**YOUR GOAL**
The answer must be an exact copy of the lines from the one with "- ONE-SHOULDER SEQUIN TOP" through the final line below, with no pictures and nothing else.

**MATERIAL PROVIDED**
····················

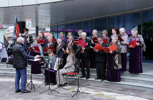 9 мая под аккомпанемент Людмилы Сидельниковой (баян) было исполнено произведение композитора Сергея Рахманинова «Слава народу», а также «На висках осталась седина» – автор музыки Хасан Карданов, «Песня о солдате» – Владимир Мигуля, «Севастопольский вальс» – Константин Листов, «Майский вальс» – Игорь Лученок.
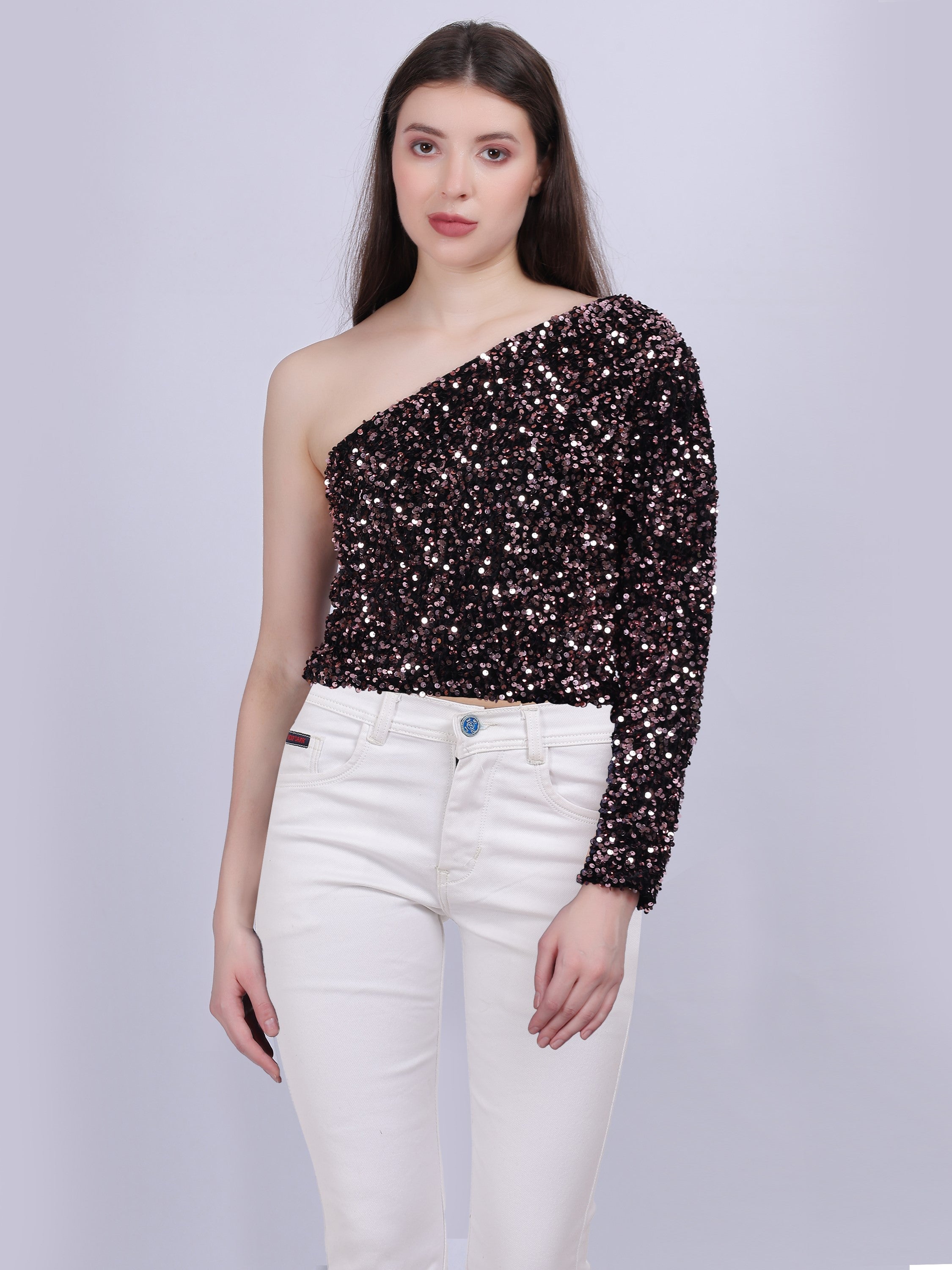 - ONE-SHOULDER SEQUIN TOP
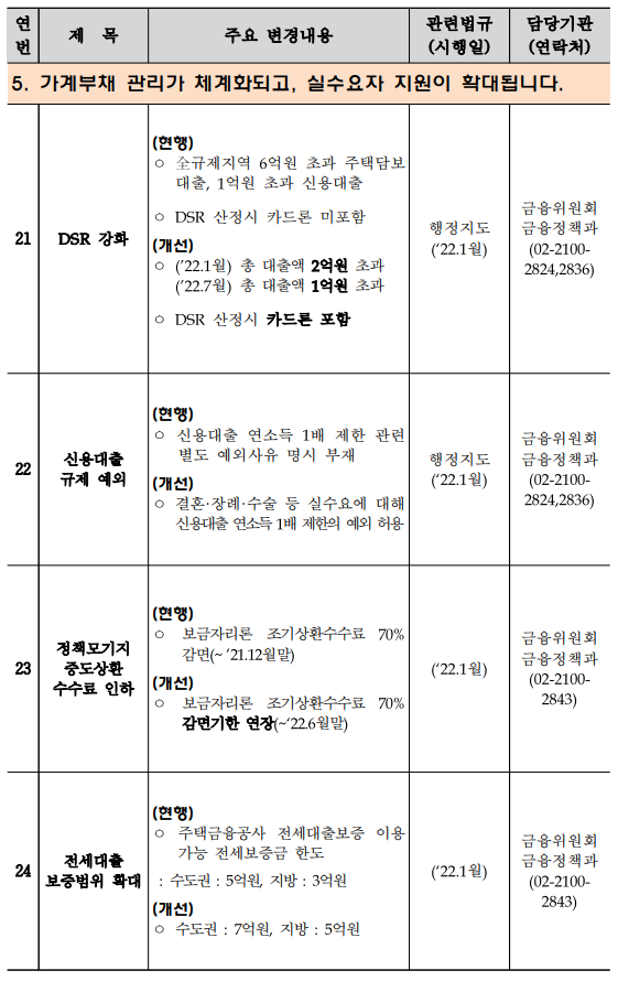 - 결혼, 장례, 수술 등 실수요자에 대해서는 신용대출 연소득 1배 대출제한 규제의 예외로 허용 (2022년 1월)

····················

**TASK OUTPUT**
 - ONE-SHOULDER SEQUIN TOP
 - 결혼, 장례, 수술 등 실수요자에 대해서는 신용대출 연소득 1배 대출제한 규제의 예외로 허용 (2022년 1월)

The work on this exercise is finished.